** DATA PROVIDED follows **

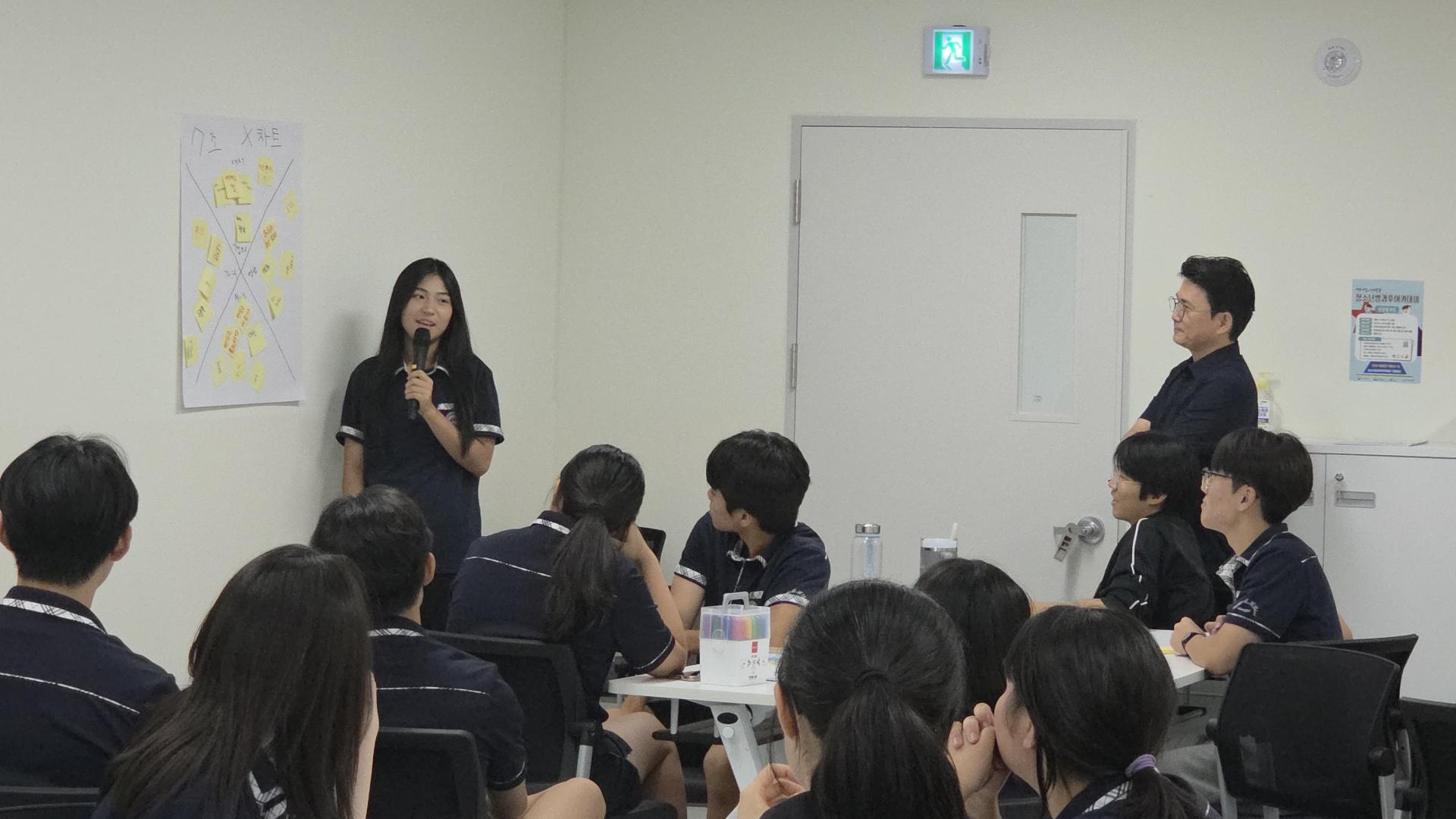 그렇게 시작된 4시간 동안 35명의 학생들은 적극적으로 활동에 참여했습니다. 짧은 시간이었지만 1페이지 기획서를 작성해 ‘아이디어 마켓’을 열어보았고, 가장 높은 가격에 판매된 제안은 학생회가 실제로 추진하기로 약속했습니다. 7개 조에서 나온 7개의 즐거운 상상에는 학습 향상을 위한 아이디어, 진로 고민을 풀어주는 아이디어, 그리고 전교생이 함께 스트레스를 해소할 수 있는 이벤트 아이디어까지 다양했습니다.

** End of DATA PROVIDED **
** DATA PROVIDED follows **

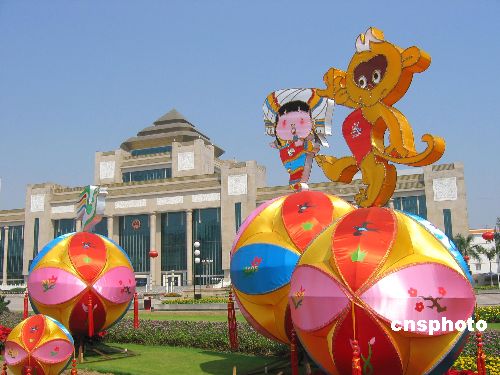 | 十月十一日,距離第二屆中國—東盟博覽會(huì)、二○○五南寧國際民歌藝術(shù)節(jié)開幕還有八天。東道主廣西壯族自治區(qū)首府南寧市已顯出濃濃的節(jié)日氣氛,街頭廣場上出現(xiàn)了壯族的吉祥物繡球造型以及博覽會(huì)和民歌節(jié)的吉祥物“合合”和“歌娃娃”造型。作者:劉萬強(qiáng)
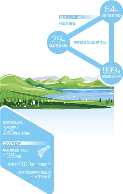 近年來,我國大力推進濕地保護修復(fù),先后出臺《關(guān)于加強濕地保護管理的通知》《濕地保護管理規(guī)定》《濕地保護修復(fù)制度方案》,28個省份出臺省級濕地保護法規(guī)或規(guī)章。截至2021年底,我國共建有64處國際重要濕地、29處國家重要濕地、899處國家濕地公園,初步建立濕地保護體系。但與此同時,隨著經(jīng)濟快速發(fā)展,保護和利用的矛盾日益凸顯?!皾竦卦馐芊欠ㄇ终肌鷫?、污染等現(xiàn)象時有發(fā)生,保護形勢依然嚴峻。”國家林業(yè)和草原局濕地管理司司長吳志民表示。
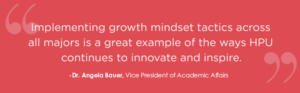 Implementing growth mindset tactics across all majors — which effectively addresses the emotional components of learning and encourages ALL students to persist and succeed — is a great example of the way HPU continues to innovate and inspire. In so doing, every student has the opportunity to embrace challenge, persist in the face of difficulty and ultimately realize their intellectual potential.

** End of DATA PROVIDED **

WORK ORDER>
Print, word for word, the lines above that run from the line containing "近年來,我國大力推進濕地保護" to the line containing "Implementing growth mindset", both included. Keep the pictures out.

RESPONSE AREA>
 近年來,我國大力推進濕地保護修復(fù),先后出臺《關(guān)于加強濕地保護管理的通知》《濕地保護管理規(guī)定》《濕地保護修復(fù)制度方案》,28個省份出臺省級濕地保護法規(guī)或規(guī)章。截至2021年底,我國共建有64處國際重要濕地、29處國家重要濕地、899處國家濕地公園,初步建立濕地保護體系。但與此同時,隨著經(jīng)濟快速發(fā)展,保護和利用的矛盾日益凸顯?!皾竦卦馐芊欠ㄇ终肌鷫?、污染等現(xiàn)象時有發(fā)生,保護形勢依然嚴峻。”國家林業(yè)和草原局濕地管理司司長吳志民表示。
 Implementing growth mindset tactics across all majors — which effectively addresses the emotional components of learning and encourages ALL students to persist and succeed — is a great example of the way HPU continues to innovate and inspire. In so doing, every student has the opportunity to embrace challenge, persist in the face of difficulty and ultimately realize their intellectual potential.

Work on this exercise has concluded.